ZnS nanowire samples were synthesized by the vapor-liquid-solid method [7]. In the center of a three-zone tube furnace, ZnS powder (99.9% purity) was evaporated, and the vapor was carried by an argon gas flow to silicon (100) substrates coated with 5 nm Au at the lower temperature end of the furnace. The Au film decomposes into liquid Au dots at elevated temperatures which serve as a catalyst for the nanowire growth. The synthesized ZnS wires had a typical length of several micrometers and were about 100 to 300 nm in diameter (see Figure 1). After transferring a thin layer of ZnS nanowires on top of clean Si substrates, the ZnS nanowires were ion-beam implanted with 55Mn. A homogeneous Mn distribution over a depth of 300 nm was achieved by using multiple ion energies ranging from 20 to 380 keV and with two different total ion fluences resulting in Mn concentrations of 2.8·10-3 at.% and 0.28 at.%, respectively. There are three different approaches used in order to control the density of killer centers.

Figure 1
figure 1

SEM image of the Mn-implanted ZnS wires. ZnS wires with diameters of 100-300 nm and lengths of several 10 μm.

  1. 1.

    The number of implantation defects remaining after the Mn implantation can be easily controlled by the implantation temperature. Implantation of Mn ions at higher temperatures enables a higher dynamic annealing of defects during the implantation, as the recombination rate of the ion impact-related vacancy-interstitial pairs is thermally activated [8]. Thus, the number of killer centers remaining after implantation will decrease with increasing implantation temperature (approach 1).

  2. 2.

    Post-annealing of the sample at various temperatures also changes the number of defects in the lattice. Annealing at 600°C in vacuum for 30 min after the Mn implantation process removes most of the remaining defects of the Mn implantation in the ZnS/Mn nanowire system [9], while annealing at lower temperature leaves a higher number of defects in the sample (approach 2).

  3. 3.

    After the Mn implantation process and annealing at 600°C, the ZnS/Mn wire samples were irradiated again, but with neon ions, and without any further annealing. The neon energies were adjusted to create a damage profile matching the Mn implantation depth. Neon as a noble gas atom does not form bonds in the ZnS/Mn lattice, and the majority diffuses out of the sample. Thus, only implantation defects remain in the nanowires, which act as killer centers, and their density can be precisely controlled by the neon implantation fluence (approach 3).

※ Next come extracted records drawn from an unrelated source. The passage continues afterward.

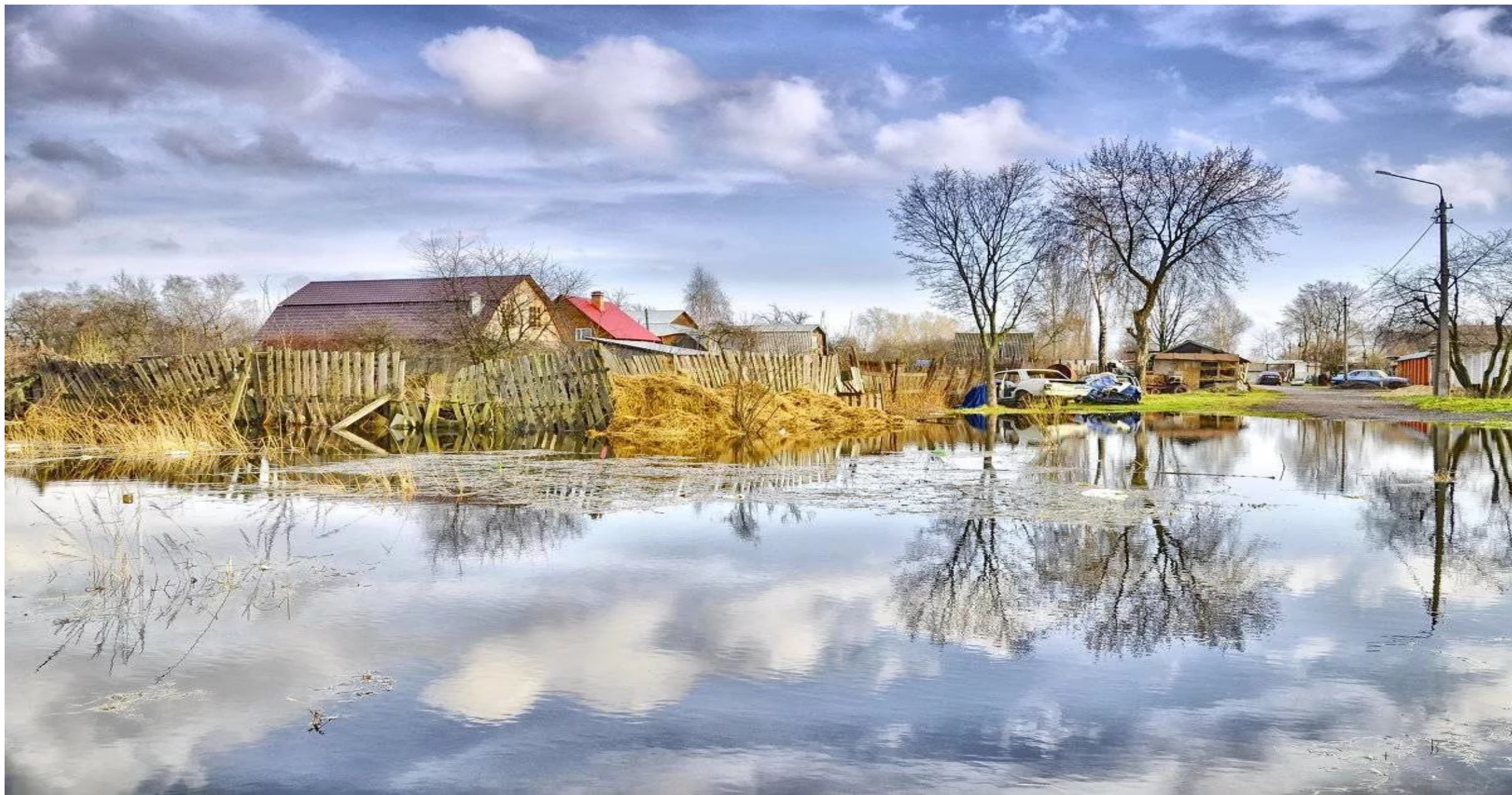
Рис. 5 Паводок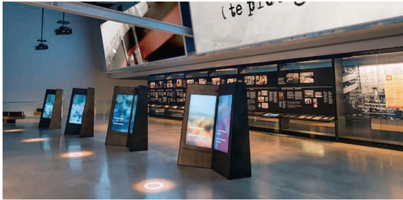
圖19 加拿大人權博物館展廳六：人性的轉折Turning Points for Humanity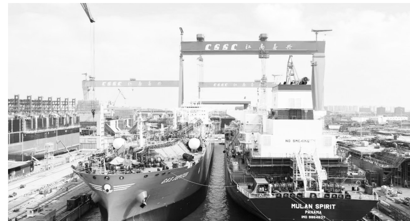
9.3万立方米双燃料超大型液化气船(右)。

GC)精品船型(Panda 93P),也是国内首艘使用MarkIII型液货舱,同时配有双燃料主机和发电机的液化天然气运输船。船舶设计理念最新,航速和油耗等综合经济技术新能指标处于行业领先水平,是一艘“未来型”绿色船舶。与此同时,本次作业还有一艘液化天然气(LNG)运输船出坞,两艘半船进坞。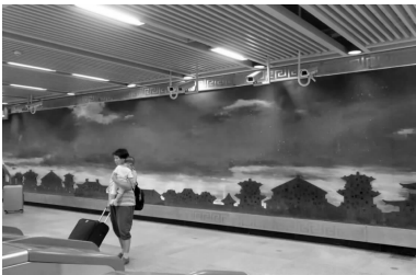
图 1 武汉地铁武昌火车站站艺术墙 Fig. 1 Wuhan Metro Wuchang Railway Station art wall

军工等 4 个方面,展现武汉在中国近代史上的第一次腾飞。武汉地铁 4 号线仁和路站公共艺术墙的“光辉岁月”壁画,突出了工业元素,采用现实的表现手法,融入了 1934 年武昌造船厂、1953 年武汉重型机床厂、1954 年武汉锅炉厂和 1955 年武汉钢铁厂这 4 幅代表武汉工业发展的历史篇章,展现了武汉工业文明的历史变化和武汉钢铁工业的历史变迁,突显了武汉作为重工业城市的历史地位。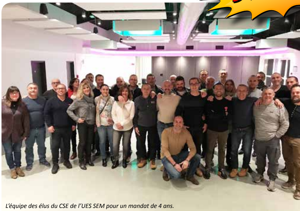
L'équipe des élus du CSE de l'UES SEM pour un mandat de 4 ans.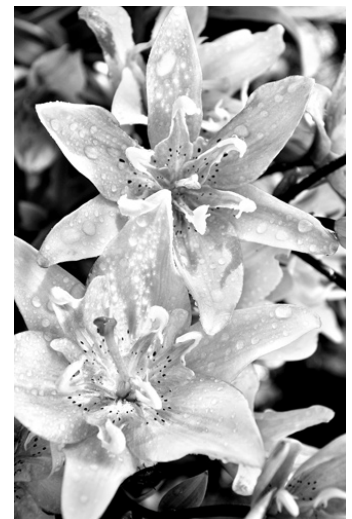
Lilijas ir vieni no vissenākajiem kultūraugiem.

Time-resolved photoluminescence measurements were performed to monitor the decay of the PL band at about 580 nm corresponding to the Mn internal transition from the 4T1 excited state to the 6A1 ground state. For this purpose, the sample is excited with a light pulse of the third harmonic of an Nd-YAG laser (355 nm) with a pulse half-width of about 3.5 ns. The PL emission at various times after the excitation was recorded with an intensified charge-coupled device camera with a time resolution of 2 ns. The measurements were taken with the sample mounted inside a helium cryostat at 10 K.

Results and discussion

The Mn internal transition of ZnS/Mn typically shows up as a single band in the yellow range of the visible spectrum. The intensity of the Mn yellow PL spectra measured at different times after the pulsed excitation were recorded, and their intensities are plotted in the decay curve against the time after arrival of the laser pulse on the sample. We are able to follow the decay of the Mn luminescence over more than four orders of magnitude in intensity in a decay time window ranging from 1 μs to 10 ms. Figure 2 shows a series of normalized PL spectra of the yellow Mn internal transition taken at different times after the laser excitation pulse. The time values given in the figure correspond to the center of an integration time window during the decay process, which was gradually extended with the decaying time. The integration time window was set to 1 μs for the early decay times below 20 μs. It has been extended to 10 μs for all measurements between 20 and 200 μs decay times to 100 μs for all measurements between 200 μs and 2 ms decay times and finally extended to 1,000 μs for all curves taken at later decay times. The broad luminescence band centered at 580 nm is characteristic for the internal luminescence of Mn2+ incorporated on Zn sites. The symbols in Figure 3 show the decay of the Mn PL intensity of a ZnS/Mn wire sample which was implanted at 600°C. The Mn concentration of this sample is 2.8·10-3 at.%, which corresponds to a large mean distance between Mn ions of about 11.4 nm, consequently, with a low resonant energy transfer effect between the Mn atoms. The transient is characterized by a rapid decrease shortly after the laser pulse followed by a slow, but rather, exponential tail at later times.

Figure 2
figure 2

Typical normalized PL spectra of a ZnS/Mn wire sample. Recorded at different decay times after the laser excitation pulse; no energetic shift of the internal Mn luminescence is observed.

Figure 3
figure 3

The experimental data and the corresponding fitted curve from Mn PL transients. ZnS/Mn wire samples with a Mn concentration of 2.8·10-3 at.%.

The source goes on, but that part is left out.